When the pilot began in July 2006, 34 surgeons from 8 clinics in the state of Washington enrolled. In the following years, enrollment increased gradually and, as of October 2012, 268 surgeons, from 42 clinics across Washington and 1 clinic in Oregon, are participating in the pilot. The UW Survey Report finds that most clinics in the pilot continued to treat the same number of workers’ compensation patients as before the pilot, and some clinics increased the number. - L&I attracted surgeons to the pilot who had lower costs and disability rates to begin with.
Data from the UW Interim Evaluation Report shows that before the pilot began, when compared to other orthopedic and neurological surgeons treating similar injuries, pilot participants had a per claim average of $704 less in medical costs and 12 fewer days of timeloss. - Pilot participants want to continue working with L&I.
In addition to maintaining or increasing the number of workers’ compensation patients they treat, the UW Survey Report reveals that 83% of providers said that improving their relationship with L&I was an important reason for continuing to participate in the pilot.
Success in implementing the quality indicators
Before we can find out if the pilot actually improves injured worker outcomes, it is critical that participating providers successfully implement the quality indicators in their day-to-day clinic practices. A good indication of successful implementation is that a surgeon has demonstrated 80-100% of the quality indicators on a consistent basis.
- Most pilot surgeons are high performers.

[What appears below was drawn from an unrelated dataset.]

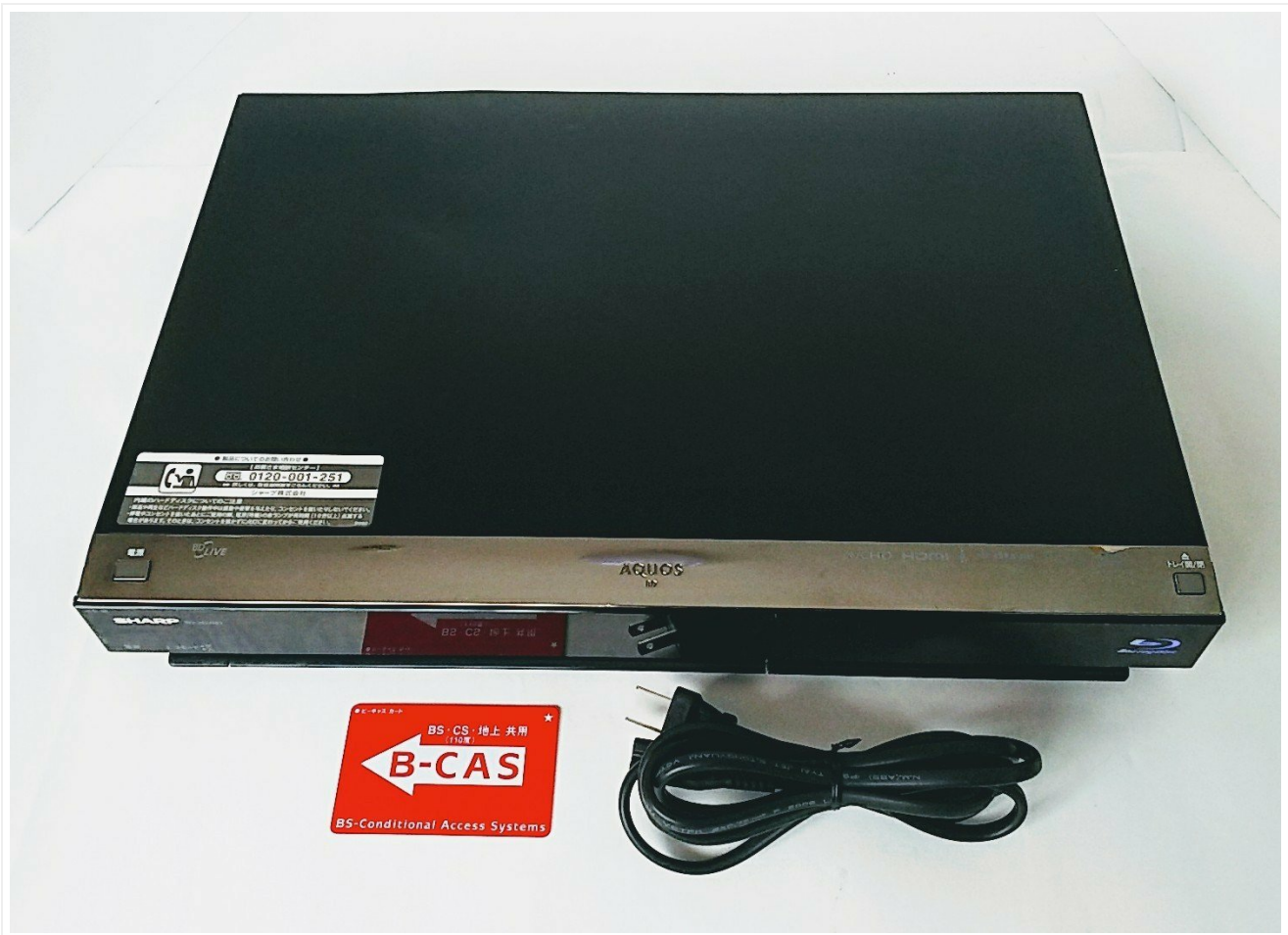
Figure 1: Front view of the Sharp AQUOS BD-HDW43 Blu-ray Recorder.
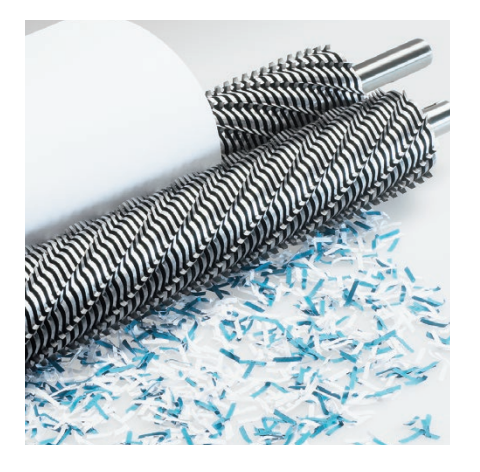
SOLID STEEL CUTTING SHAFTS

Robust and durable: high-quality paper clip proof cutting shafts with lifetime guarantee under conditions of fair wear and tear.

When the pilot began, L&I Management set a benchmark goal of at least 75% of participating surgeons implementing the quality indicators. During the first few years of the pilot, many providers struggled to do so. L&I’s pilot team worked closely with those providers to clarify expectations, and as of October 2012, 94% of participating surgeons have implemented the quality indicators successfully. - Most providers understand what they need to do to implement the quality indicators.

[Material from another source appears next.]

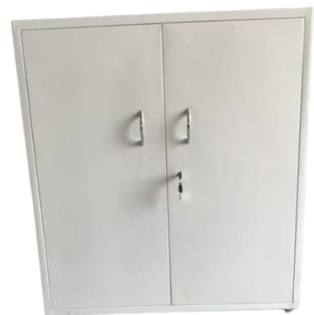
Steel Almirah - Small
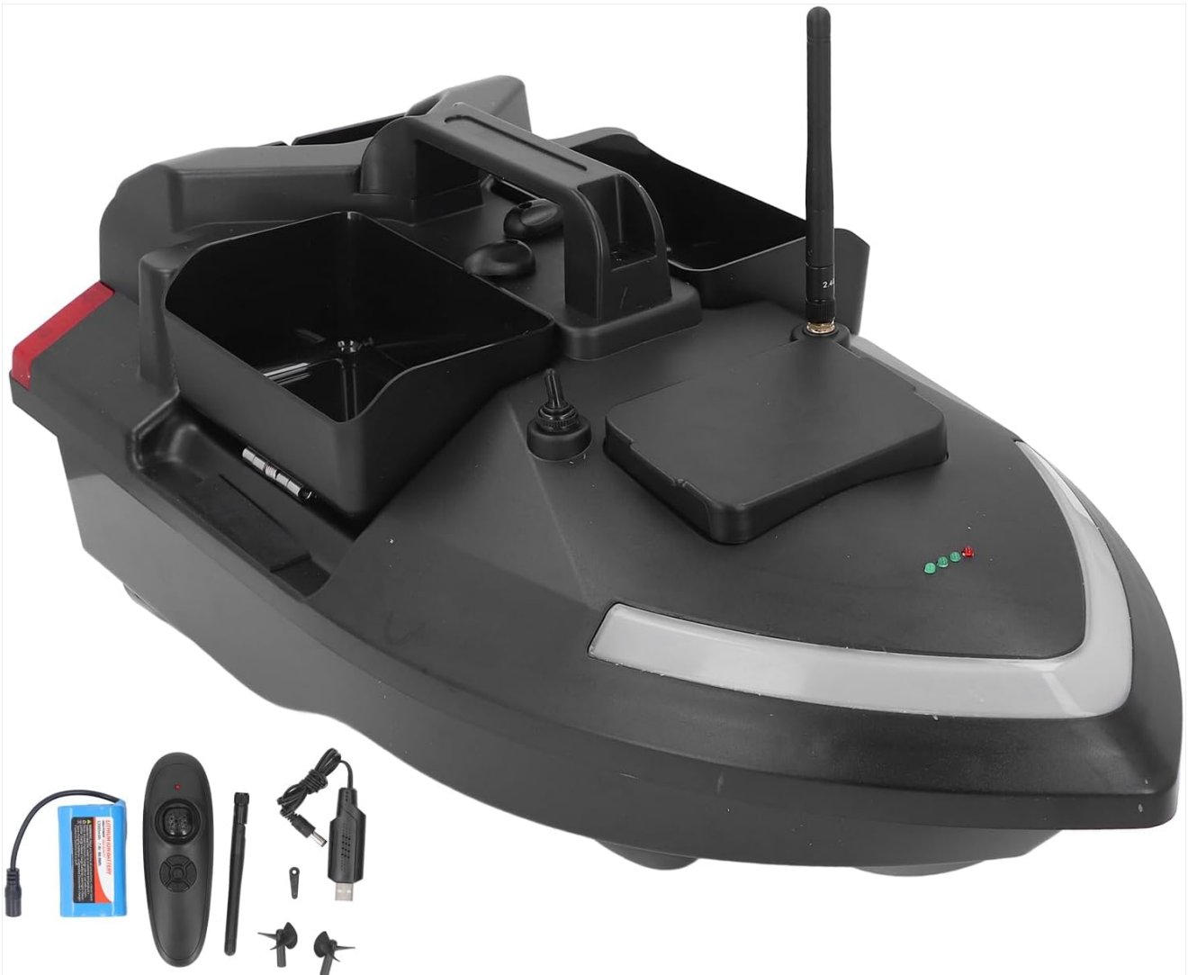
Image 3.1: The complete package contents, including the bait boat, remote control, battery, charging cable, and other accessories.

The UW researchers reveal in the Survey Report that a clear majority of participating surgeons and their office staff reported that they consider the quality indicator and incentive tier system requirements of the pilot are clear, reasonable, and important for injured worker outcomes. - Room for improvement.
Though almost all of the pilot surgeons have implemented the quality indicators, a few are still struggling to do so. The UW Survey Report reveals that L&I’s pilot team still has some work to do in terms of clarifying expectations about the quality indicators:- "...comments, especially the complaints about the time to surgery requirements, indicate that many of the respondents don’t know about available exceptions to the requirements."
- "There were a number of comments about the APFs [Activity Prescription Forms] and confusion about when APFs are expected to be used, indicating more opportunities for training."
L&I’s pilot team continues to work closely with participating providers to make sure that expectations are as clear as possible.
Future goals
In the current phase of the pilot, we are focusing on:
- Expanding the scope of the pilot by incorporating these four additional best practices:
- Timely transition to surgical care at primary care provider’s request.
- Pre-operatively documented return to work plans and goals.
- Intervention of an integrated post-operative team when return to work goals aren’t met.
- Timely transfer to next step in appropriate care at surgeon’s request.
- Creating a new position of a Surgical Health Services Coordinator to help surgeons effectively use the four new best practices.
- Working with providers to find more ways to reduce administrative burden.
- Measuring and reporting on indicators of L&I’s quality and efficiency as a health insurer.
- Continuing with a formal objective evaluation to answer (among other things):
- What impact do the quality indicators have on clinical outcomes and timeloss?
- What are the appropriate thresholds for incentives?
- How much do generic drugs affect cost savings?
- Communicating our best-practice findings to a broader health care community.